BULMAK VE KAYBETMEK ÜZERİNE
Ne yazmak ne okumak fayda etmiyor bazen. Boş boş otur, odayı izle, tavanı izle, rüzgarda salınan perdeyi izle…
İnsan mistik ve tinsel bir filmi izledikten sonraki ya da bıçak gibi okudukça göğsüne saplanan şiirlerin duygularını her hissettiğinde soyut bir dünyayı farkediyor. Saklandığın o küçük mağarada seni bulan yalnızlık gibi. Seni o küçük mağaradan daha da içeri, sonsuzluğa iten.

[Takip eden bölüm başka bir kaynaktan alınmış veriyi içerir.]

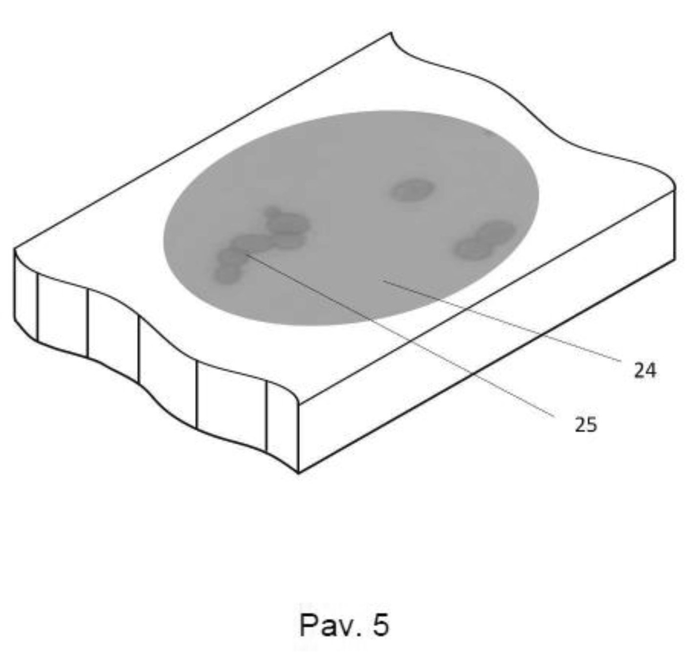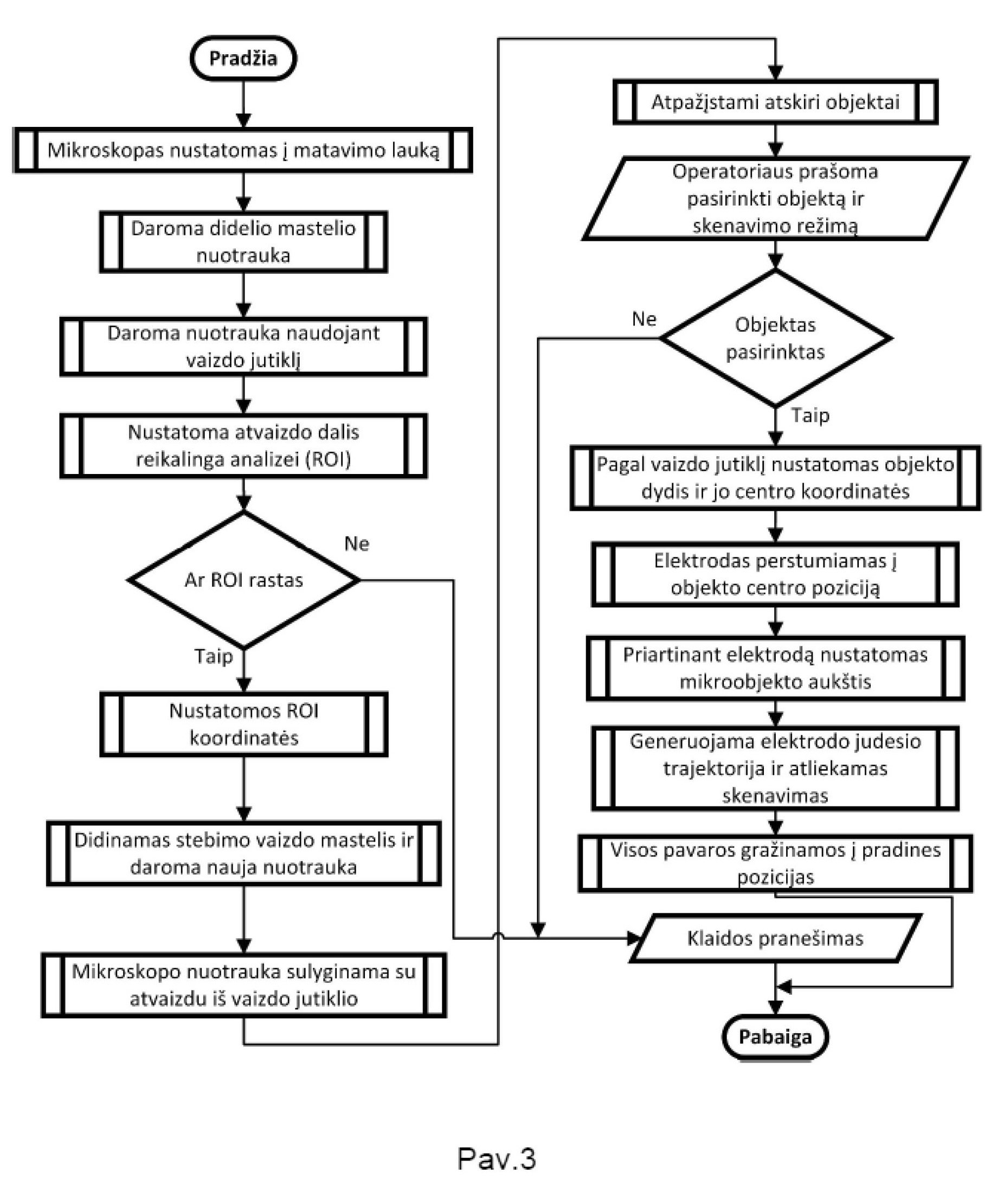 [0055] Tiriamo mikroobjekto matmenų ir paviršiaus reljefo nustatymo sistemos, kurios aparatūros sudėtis pateikiama Pav.1a, ir Pav.1b veikimo principas parodytas Pav. 2. Sistemos veikimas prasideda nuo tiriamojo objekto 11 pasirinkimo iš bandinio 24. Operatoriui pradėjus matavimą, pirmiausiai yra užduodamos komandos pozicionavimo priemonės 2 pavarai pozicionuoti bandinį 24 optinio mikroskopo 5 matavimo lauke. Naudojant vertikalaus pozicionavimo priemonės 4 pavarą sureguliuojamas fokusavimo atstumas ir padaroma bandinio 24 ploto nuotrauka. Kitame žingsnyje yra užfiksuojamas vaizdas iš apačios vaizdo jutikliu 3, kuriame matome realaus mastelio bandinio 24 šešėlį ir jo kontūrą. Gauti duomenys iš mikroskopo 5 ir jutiklio 3 perduodami į kompiuterio 9 atmintį 19 per USB valdiklį 18. Toliau gauti duomenys yra apdorojami centriniame procesoriuje CPU pagal algoritmą 20, kuris parodytas Pav. 3. Iš jutikliu 3 ir mikroskopu 5 užfiksuoto bandinio vaizdo (Pav.5) išskiriamos vietos kur matomos mikroobjektų sankaupos (dominančios sritys) 25. Jei mikroobjektų sankaupos neišskiriamos tada siunčiamas klaidos pranešimas ir procesas stabdomas, jei sankaupos aptinkamos, tuomet pasirenkama iš mikroobjektų sankaupų viena dominanti sankaupa 25 kaip tiriamasis erdvinis mikroobjektas 11. Naudojant pozicionavimo priemonės 2 pavarą tiriamasis erdvinis mikroobjektas 11 perstumiamas taip, kad mikroskopas 5 būtų virš pasirinkto tiriamojo erdvinio mikroobjekto 11 centro ir tuomet jis fotografuojamas mikroskopu 5, o pagal vaizdo jutiklio 3 duomenis, nustatomos pasirinkto tiriamojo mikroobjekto 11 kontūras (šešėlis) ir jo padėtis ROI koordinatėse (Region of interest - vietinės objekto aplinkos koordinatės).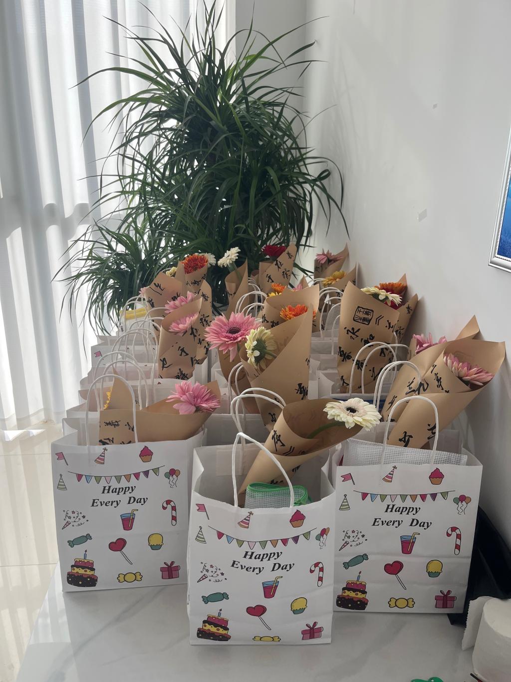 一份礼包,满载深情厚意。公司准备的礼物既实用又充满祝福。其中,一套文具,助力考生在考场上挥洒自如,下笔如有神;礼品袋上印制的鼓励话语,承载着师长们最真挚的关切与期望。礼包内,一个橙子与一个苹果,寓意考生们能够“平安上岸”、“心想事成”,顺利抵达梦想的彼岸。尤为别致的是,礼包中还包含两条德芙巧克力与一朵太阳花。德芙巧克力,寓意“得福”,以“巧”克“力”,智慧应对挑战;那朵明媚的太阳花,则象征着阳光、活力与坚定的追求,期盼考生们能始终面向希望,保持积极乐观的心态,在考场上绽放属于自己的光芒。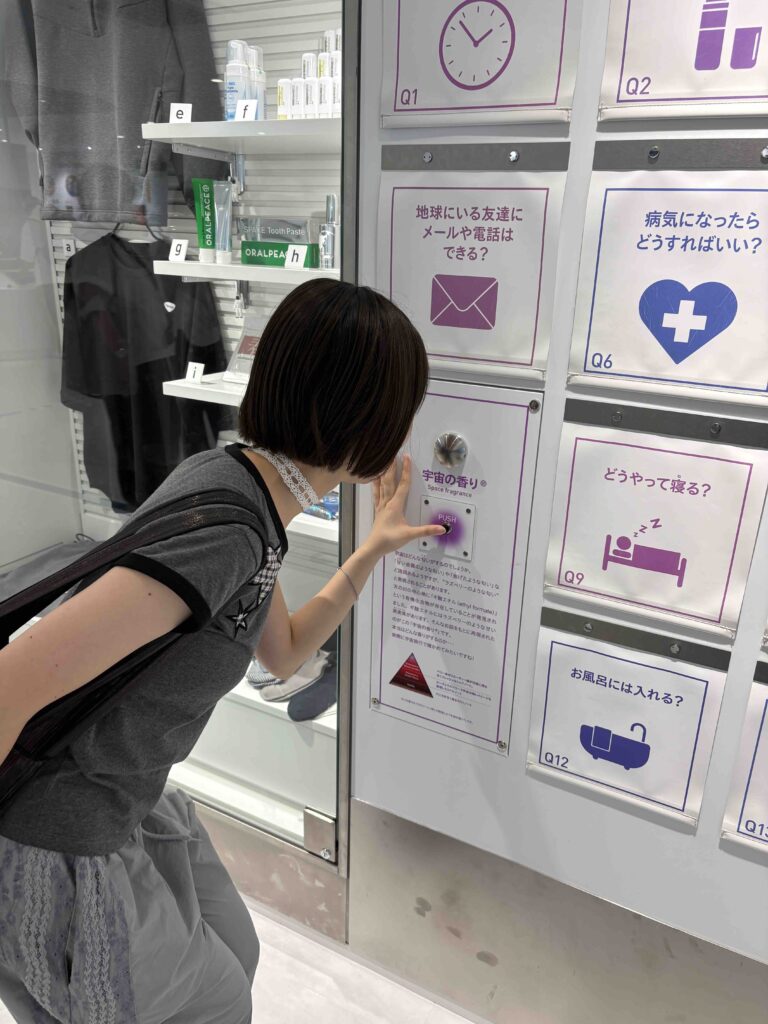 エントランスを抜けるとまるで異世界?!宇宙港内のトラベルセンターがモチーフの’’スペースターミナル’’では宇宙の匂いや、音を体験できるよ。月や、宇宙の香りを体験できたり、火星の風の音を聴けたり、ここでしかできない貴重な体験が盛りだくさん!
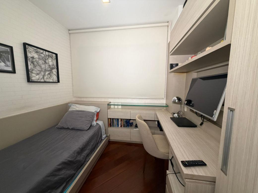 em toda extensao. Area de servico e banheiro de empregada. Corredor e quartos em piso de tabua corrida ipe. 02 quartos com armarios planejados em portas de correr espelhadas sob aluminio anodizado dourado e um estar intimo podendo usar como terceiro quarto. Quarto de casal com suite e armario extenso. Banheiros em granito, todo montado com espelhos, armarios, boxes e acessorios em metal. Banho social com sistema de ventilacao acoplado ao teto. 01 vaga de garagem livre, coberta e demarcada + box de despejo.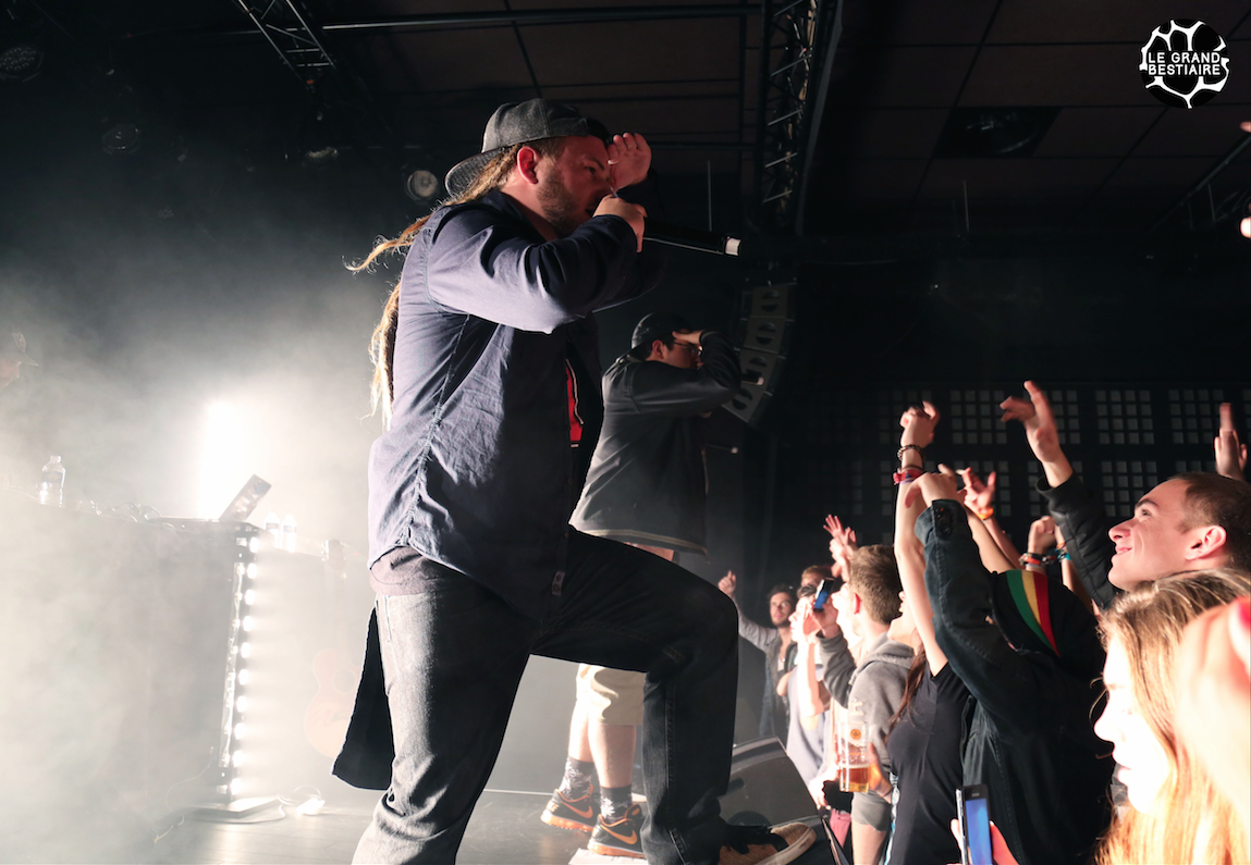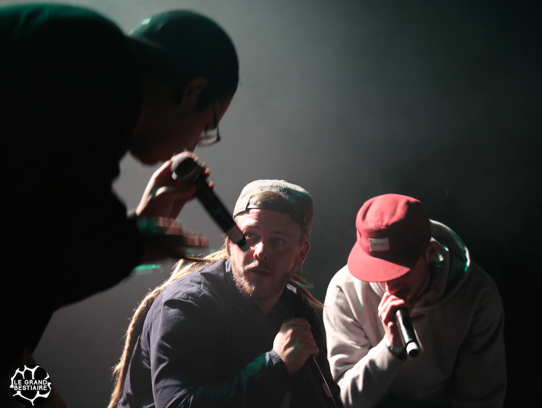 Un violoncelle électronique est apporté sur scène, entrent le musicien Luc Blanchot et le Dj. Ils entrent en scène sur un flow léger style boite à musique, “Pourquoi pas nous ?”. Les dreadeux hochent la tête hésitants un premier temps, ils enchainent “j’suis perdu, perdu dans mes songes”. Les deux frères ont happé l’attention d’un bon nombres de personnes qu’on pourrait croire venus pour le groupe suivant, style rap de zion.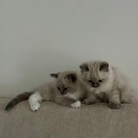 Vi har fina kattungar av Ragdoll mix som söker kärleksfulla hem. De blir 12 veckor den 23 maj och är då redo för leverans.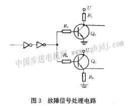 圖3是故障信號處理電路原理圖,其輸入端為碼盤斷路故障信號。當(dāng)系統(tǒng)工作正常時,反相器輸出為一高電平,晶體管q2導(dǎo)通,輸出一低電平使伺服單元使能端打開。電機(jī)可運(yùn)轉(zhuǎn)。同時晶體管q3導(dǎo)通,輸出一高電平,使電機(jī)制動器不在制動狀態(tài)。當(dāng)故障發(fā)生時,反相器輸出為低電平,使制動器釋放,伺服單元使能端閉鎖,電機(jī)停轉(zhuǎn)。

Kahveyle doğan güneş, nikotinle başlayan sabah, anlam kazanan küçük ayrıntılar. Ve en büyük ayrıntı sen. Akdeniz kadar fevkalade gözlerin ve boynundan uzanan Ege Deniz’ini birebir taklit eden saçların. Zamanı siyah beyaz bir fotoğrafla geride bırakan. Hırçın dalgalarında dinginliğini kaybetmiş. Arayışını sonlandıramamış, çocuk gibi masum, bir o kadar zeki ve meraklı. Pencereden tenine saplanan güneşleri biriktirmiş. Acılarım ve keskin teninin yaşattığı duygular bekleyişlerim olmuş.
İsmi tüm söz sanatları. Bakışları şiirlerimdeki son dize, yayımlanmamış yazılarım. Yok olup gidişleri şanı, meraklı bakışları sarhoşluklarım…
Yine de var ol. Bende ya da başka bir yerde denizin durulacak, güneşin başka batacak. Ben kendimi bulmak için hep kendimi kaybedeceğim. Kendimi bulduğum o an ise seni kaybetmiş olacağım…
Bir berduş gibi yine sarhoşluğu seçiyorum. Sokaklarında kayboluyorum.
Ozan ÇETİN
FOTOĞRAFLAR VE ZAMAN
Sen güvercin seven kadın
Minik ellerin besledi sevdamı
Gözlerin okşadı yüreğimi.
Dalgalı saçların, geride bıraktı Ege Denizini.
Zamansız geldin,
Zamansız vurdu yüreğime sevdan.
Tarihe bir not daha düştü Saat Kulesi
Masum gülüşün ölümsüzleşirken ışıklı akşamlarda.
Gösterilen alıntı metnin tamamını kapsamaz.